- **Your instructions**
Copy the records below word for word, from the first line through the line that contains "อีกทั้ง พี่สาว ยังส่งสัญญาณถึงผู้ที่มีข้อมูลเพิ่มเติม", and leave out any pictures.

[Stored items]
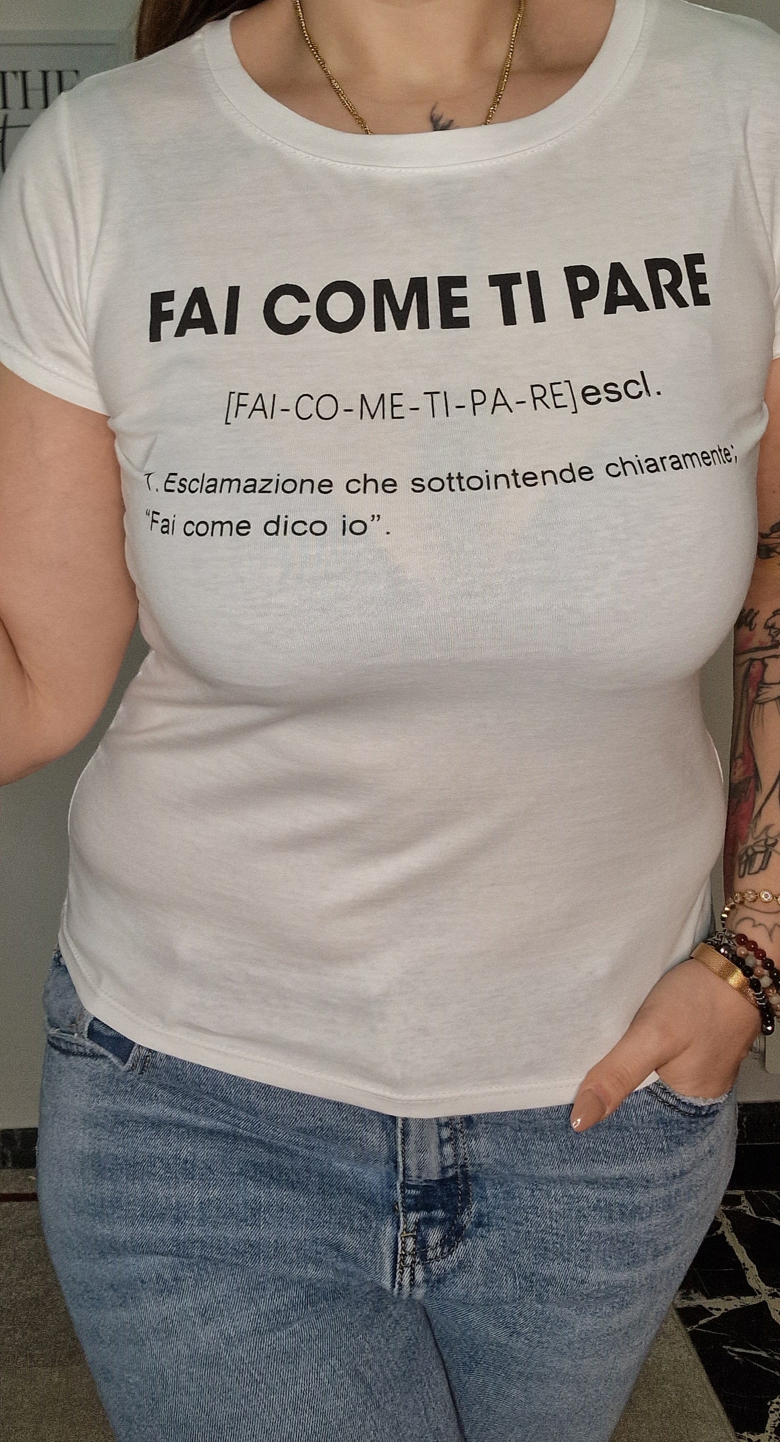 T shirt in cotone, con scritta in stampa laser, taglia unica veste regolare fino alla 48.
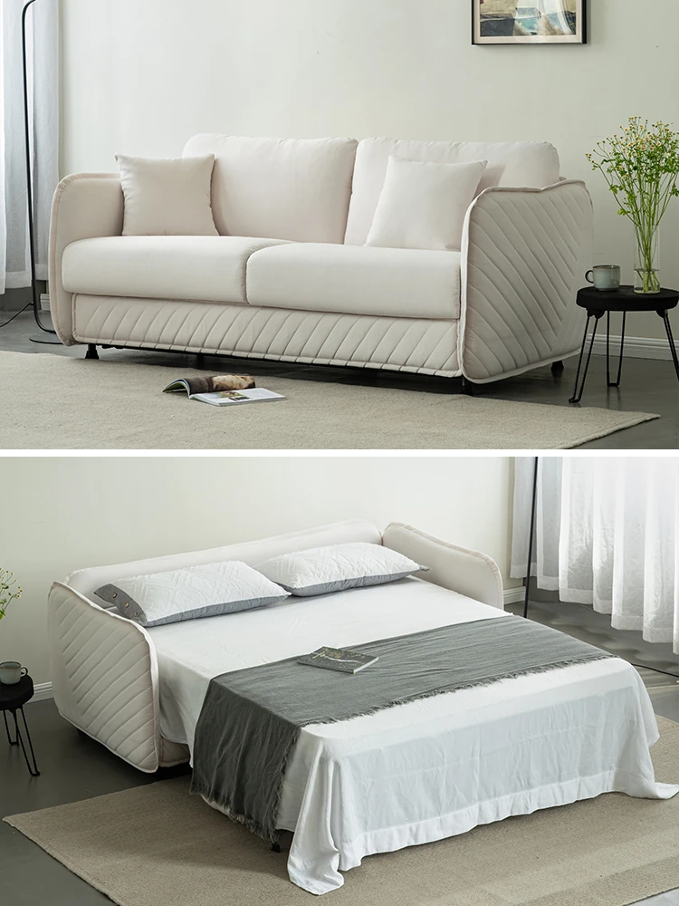 【香港送料無料】多機能ソファベッド・折りたたみ式・座る・寝る両方に対応!モダンなクリーム風・テクスチャーフリース素材で、狭い部屋にもぴったりのスタイリッシュな選択!
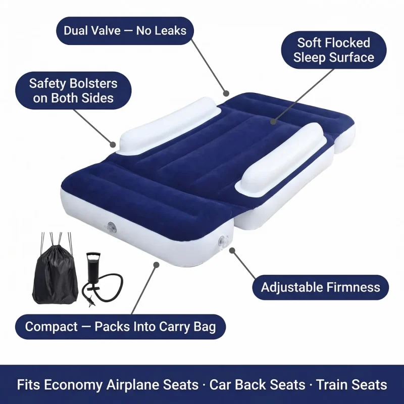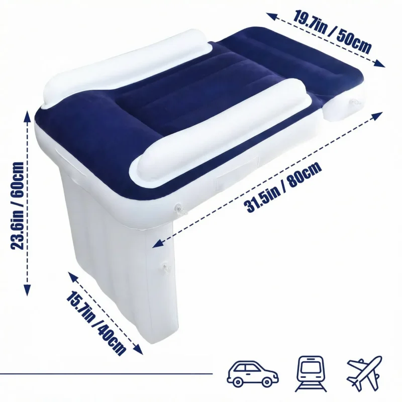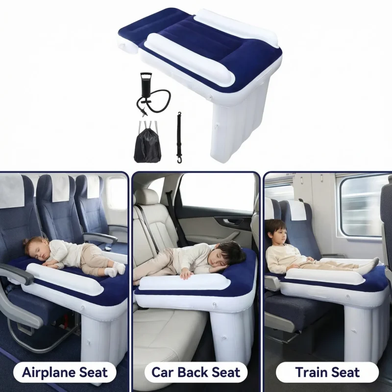 Give your child a flat, supported place to sleep on long journeys with the Kids Inflatable Travel Bed and Seat Extender. Built to bridge the gap between aircraft seat rows, car back seats, and high-speed rail carriages, this inflatable bed converts standard seating into a comfortable sleeping surface for toddlers and young children.
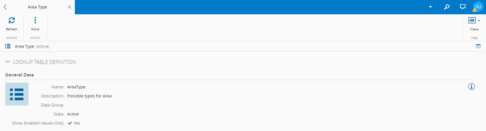 Table: System Lookup Tables
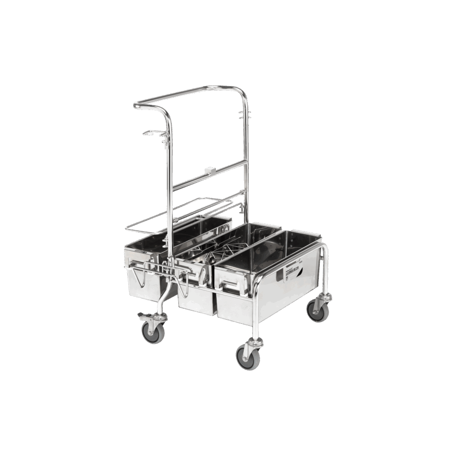 - 3 Edelstahlwannen á 18 Liter (2 x Vorderseite, 1 x Rückseite)
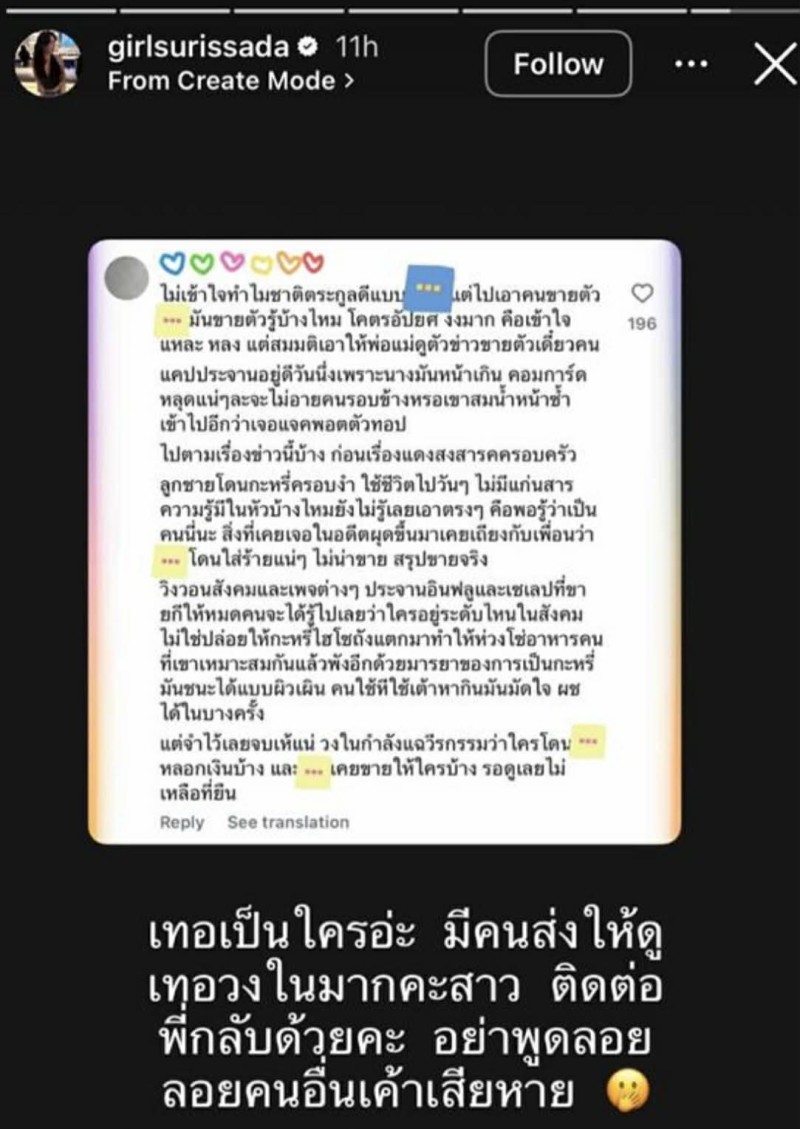 อีกทั้ง พี่สาว ยังส่งสัญญาณถึงผู้ที่มีข้อมูลเพิ่มเติม ให้แสดงตัวตนอย่างชัดเจน ไม่ใช่เพียงการปล่อยข่าวลือที่อาจสร้างความเสียหาย
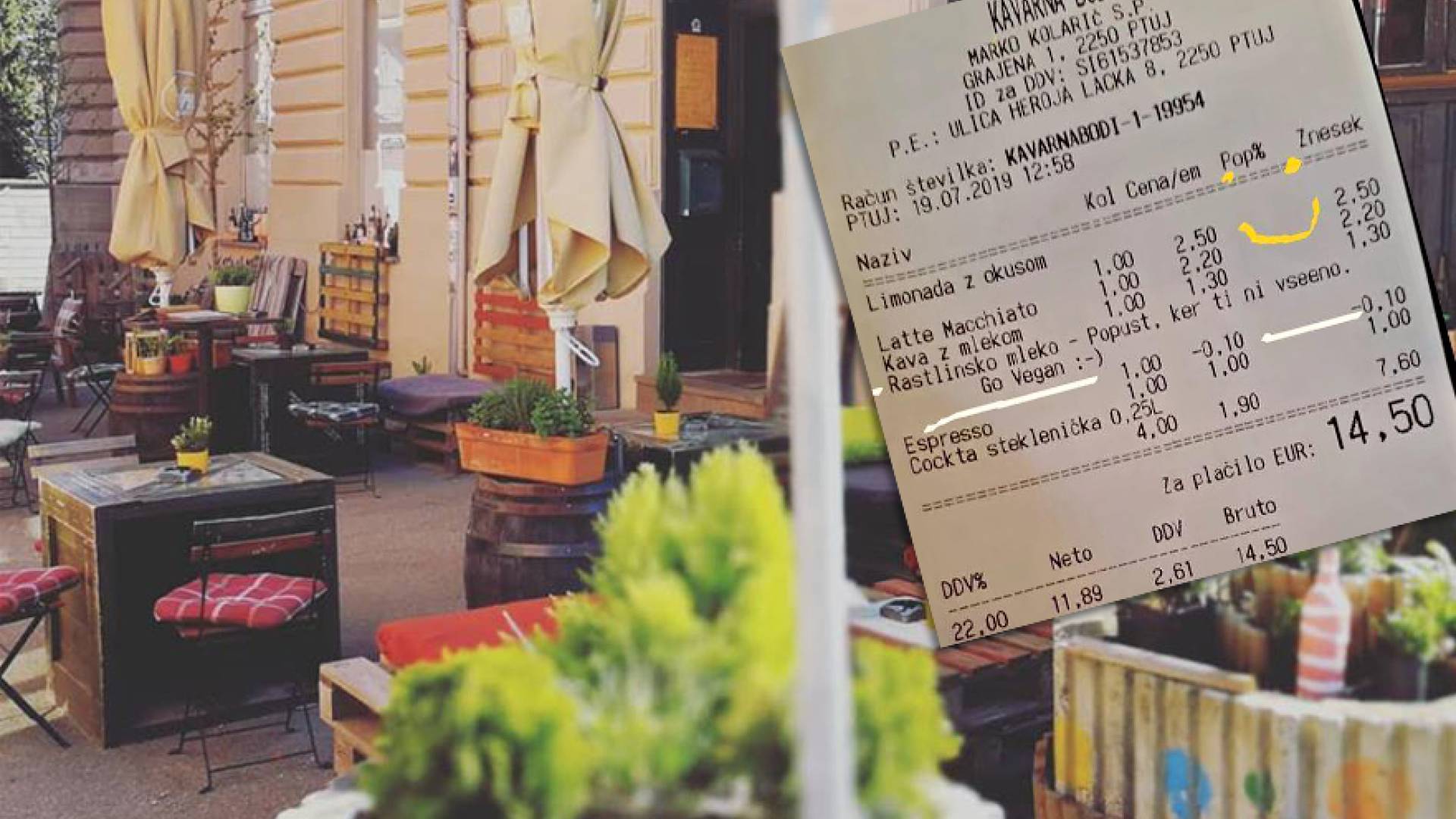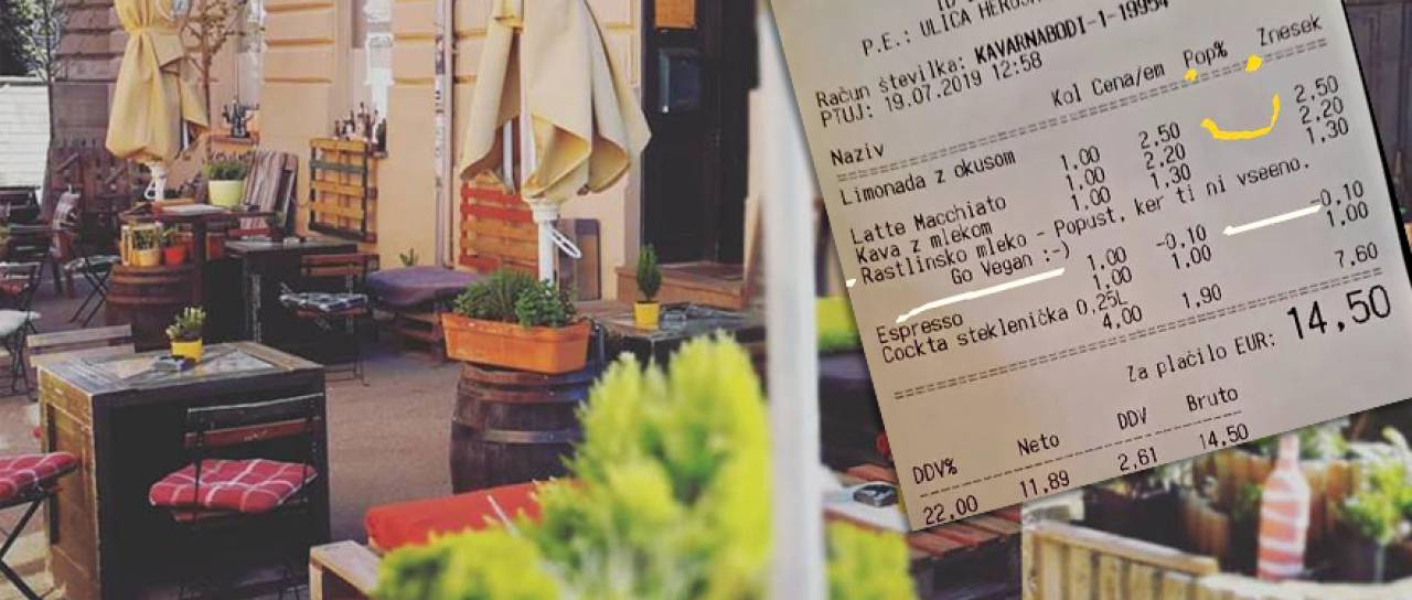 »Ko velik del gostincev, precenjeno zaračunava rastlinske napitke. Ko od nas vzamejo denar za kravje mleko (kar je vsaj meni sporno) in še po 50 ali več centov dodatka za rastlinsko, Kavarna Bodi izda tak račun.

- **Worked solution**
 T shirt in cotone, con scritta in stampa laser, taglia unica veste regolare fino alla 48.
 【香港送料無料】多機能ソファベッド・折りたたみ式・座る・寝る両方に対応!モダンなクリーム風・テクスチャーフリース素材で、狭い部屋にもぴったりのスタイリッシュな選択!
 Give your child a flat, supported place to sleep on long journeys with the Kids Inflatable Travel Bed and Seat Extender. Built to bridge the gap between aircraft seat rows, car back seats, and high-speed rail carriages, this inflatable bed converts standard seating into a comfortable sleeping surface for toddlers and young children.
 Table: System Lookup Tables
 - 3 Edelstahlwannen á 18 Liter (2 x Vorderseite, 1 x Rückseite)
 อีกทั้ง พี่สาว ยังส่งสัญญาณถึงผู้ที่มีข้อมูลเพิ่มเติม ให้แสดงตัวตนอย่างชัดเจน ไม่ใช่เพียงการปล่อยข่าวลือที่อาจสร้างความเสียหาย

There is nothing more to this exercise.